Status: On hiatus until "Love and Werewolves" is finished.

Well That Just Sucks.

Chapter one moving

Chapter One
Moving.

I stomp my way onto the plane to California, where I will make a fresh start in my life. At least, that’s what my social worker George says. Like he knows anything about California.
Or my life for that matter.

I’m really, really pissed off right now because my new "Father"(so called) is making me go to an all boys boarding school.

Really, who does that? I'll probably end up getting raped or something. Not that he would care…

I sigh as I take my seat in first class.

“At least I don’t have to fly in coach,” I grumble to myself, until I remember this is the school’s private jet.

“Now I have to sit with 400 boys for 6 hours. That’s just great,” I think sarcastically.
Feeling someone else’s eyes on me, I turn my head to see an utterly gorgeous Emo boy coming towards me.

Hmm. Maybe this won’t be as bad as I thought.
I quickly changed my mind when he growled,"Move it, bitch."
I look up at him, slightly startled.

“W-what do you mean? It says seat 25-G on this. I think you’re in the wrong row,” I say flashing him my ticket.

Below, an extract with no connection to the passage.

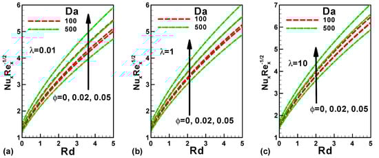 The variation of Nusselt number with slip and micropolar parameters is shown in Figure 10a for forced convection, in Figure 10b for mixed convection, and in Figure 10c for free convection. The range of Nusselt numbers includes Newtonian to micropolar fluids for two values of pressure gradient parameter. Both velocity slip and pressure gradient parameters help in enhancing the Nusselt number for each fluid. It is important to note that the Nusselt numbers for Newtonian fluids are the highest and decrease with the micropolar parameter. Variation of the Nusselt number with radiation and solid volume fraction of nanoparticles illustrated in Figure 11 for different values of the Darcy number. As expected, the Nusselt numbers increase with both radiation and solid volume fraction of nanoparticles. Due to the higher thermal conductivity of nanoparticles, the dimensionless heat transfer rate increases. Like nanoparticles, radiation also helps in the enhancement of the heat transfer rate of the micropolarnanofluid. The viscous effects increase with an increase in the Darcy number in a porous medium. Consequently, the thermal boundary layer thickness decreases, and the Nusselt number increases.

“I don’t give a flyin’ fuck what it says. I'm sitting here,” he says, now furious.

“What’s your problem!?” I yell, starting to get angry.

Out of the corner of my eye, I see the beautiful summer sky change to stormy weather as the wind violently rocks the plane. The other passengers start to get nervous as baggage starts to fall from the open overhead compartments.

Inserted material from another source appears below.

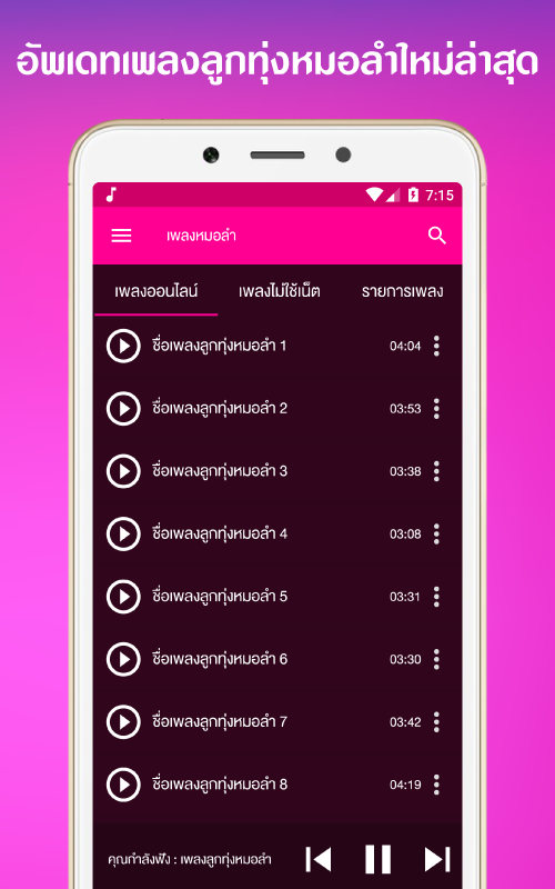 - อัพเดตเพลง ฟังเพลงลูกทุ่งหมอลํา ใหม่ๆ ให้กับผู้ใช้งาน

I take deep breaths, trying to control my temper, “Annabelle! Calm down! Do you want everyone to know that you’re a freak?!” I yell at myself.

I cringe at the thought. The boy grumbles and moves on as the oncoming traffic shoves him down the aisle.

The whole plane seems to be relieved as the wind calms down, along with my nerves.
I mentally kick myself.

Like I need anything to make me seem weirder then I already am.

An even hotter boy steps onto the plane and I catch myself before I start to drool. He glares at me when he catches me checking him out. I shudder and make myself as small as possible. It’s like he gives off a vibe of just…I don’t know the word for it. Pure unadulterated evil, maybe?

I shudder again when he walks by me.

I look around and see almost everyone else on the plane gawking at me, like I’m some sort of new toy.

“This is gonna be a really fun plane ride,” I mutter to myself.